The shock pictures show Pope Benedict XVI in a passionate kiss with Egyptian Imam Ahmed el Tayyeb, Barack Obama kissing Hu Jintao and Israeli Prime Minister Benjamin Netanyahu smooching Palestinian leader Mahmoud Abbas.
However, later on Wednesday, Benetton said it was pulling the pope-imam ad.
The company said in a statement that it was "sorry that the use of the image had so hurt the sensibilities of the faithful ... The point of this campaign was solely to battle the culture of hate in all its forms."
The statement came shortly after the Vatican expressed "the firmest protest for this absolutely unacceptable use of the image of the Holy Father."

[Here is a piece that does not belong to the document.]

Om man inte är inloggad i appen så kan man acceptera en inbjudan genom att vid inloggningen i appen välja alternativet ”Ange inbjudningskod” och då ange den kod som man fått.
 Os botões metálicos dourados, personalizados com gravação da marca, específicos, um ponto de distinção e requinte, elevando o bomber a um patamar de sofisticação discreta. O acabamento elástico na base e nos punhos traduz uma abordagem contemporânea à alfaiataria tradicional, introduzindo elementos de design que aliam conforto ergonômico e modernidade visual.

The posters, part of an advertising campaign entitled "UNHATE", have appeared in Benetton clothing stores across the globe as well as in newspapers, magazines and on Internet websites.

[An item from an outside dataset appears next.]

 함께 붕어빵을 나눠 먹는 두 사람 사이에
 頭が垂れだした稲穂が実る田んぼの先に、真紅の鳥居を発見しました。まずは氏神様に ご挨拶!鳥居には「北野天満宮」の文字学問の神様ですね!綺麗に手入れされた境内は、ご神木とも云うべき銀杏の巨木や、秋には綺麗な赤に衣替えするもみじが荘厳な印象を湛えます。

The passionate embrace between the pope and the imam was briefly shown on a banner held up near Sant'Angelo castle near the Vatican.

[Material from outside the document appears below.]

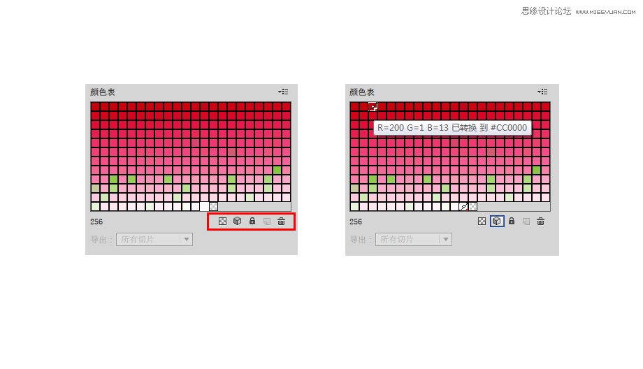 在颜色表的右下方有一排图标,这一排图标让你可以更多地对颜色进行调整。你首先需要选中某一个色板,然后进一步可以设置其为网页安全色,或者锁定或者删除它。色板中出现星号就表示已经转为网页安全色,当鼠标滑过会提示出所替换的网页安全色的色值。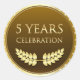Autocollant de célébration de cinq ans en or avec une couronne de laurier.

Benetton deputy chief Alessandro Benetton said in a statement that the ads were "constructive provocation" intended "to give widespread visibility to an ideal notion of tolerance."
Benetton "chooses social issues and actively promotes humanitarian causes that could not otherwise have been communicated on a global scale," he said.
There was swift condemnation from Luca Borgomeo, head of the Association of Italian Catholic Television Viewers, who called for the ad to be removed.
"Is it possible Benetton could not come up with anything better?" he said.
The company, which became famous in the 1990s with a series of shocking ads, said it was also setting up a foundation to promote international tolerance.
"The central theme is the kiss, the most universal symbol of love, between world political and religious leaders," the company said.
One of the iconic Benetton ads -- photographed by Oliviero Toscani -- was of a young nun in white kissing a priest dressed in a black cassock, and others addressed important social issues such as AIDS and homosexuality.
Relations between the pope and the Al-Azhar imam, one of the leading voices in Sunni Islam, have been very tense particularly after Benedict expressed his solidarity with the victims of an attack on a church in Alexandria.
The statement was interpreted by El Tayyeb as interference and he did not send a delegation to an inter-religious meeting hosted by Benedict last month.